Hello, I have bought this Denarius of Marcus Aurelius. I tried to find it, but did not suceed. I found coins which looks similar, but all of them have ANTONINVS divided to both sides of head. AN+TONINVS or ANT+ONINVS or ANTO+NINVS. This one has full word on the right side and G in AVG reaches the head. I do not know if it is some rare variant or copy. I think that you have more experience than me, so if you know, please help me with this. Thank you guys.
Do I detect what looks like "reeding" on this coin from about 10'oclock>. I don't think that could be serrating marks and I know of no ancients that employed reeding their coins.
I have not studied this and do not have this type but mine have words broken at legends. Can you show many coins matching yours with breaks in mid-word?
Versions of the same coin with different inscription breaks are not uncommon. RIC usually lumps them all together as the same coin. In some volumes they will note the different breaks in a footnote. In other volumes they don't even bother to mention them.
In the Antonine period, legend breaks appear to have no significance beyond "the die engraver ran out of room."
When I started down the slippery slope of Flavian denarii legend break variants I knew I needed help. Perhaps three other people in the world would've noticed or cared.
I face the same thing in some of my specialties and have a mixed feeling on the matter. I care about letter spacings if I believe or even suspect that the differences in spacing are clues to some intentional 'code' used by the mint but do not when I believe the spacing difference is nothing more than a random variation or a matter of running out of space and poor planning.
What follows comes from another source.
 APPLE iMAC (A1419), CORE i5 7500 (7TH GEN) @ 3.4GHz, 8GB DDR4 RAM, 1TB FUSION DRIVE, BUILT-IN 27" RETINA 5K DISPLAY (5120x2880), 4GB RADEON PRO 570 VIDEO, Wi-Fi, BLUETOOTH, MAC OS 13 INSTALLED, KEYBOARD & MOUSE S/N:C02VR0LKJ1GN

In most cases I have n certainly on the status of the difference so I don't go out of my way to buy the spacings. There are exceptions. I have seen thousands of denarii with obverse legend IVLIADO-----MNAAVG and three IVLIADOM-----NAAVG of which the (by far!!!) worst is in my collection. I have no reason to believe this means anything but I still want a better one.
That's just the circular beaded border that surrounds the obverse design. It happens to run off the edge of the coin there, and so looks like "reeding". But it is on the face of the coin. Just near the edge, rather than on the edge itself, if that makes any sense. Handsome coin. I like the contrasting grey toning.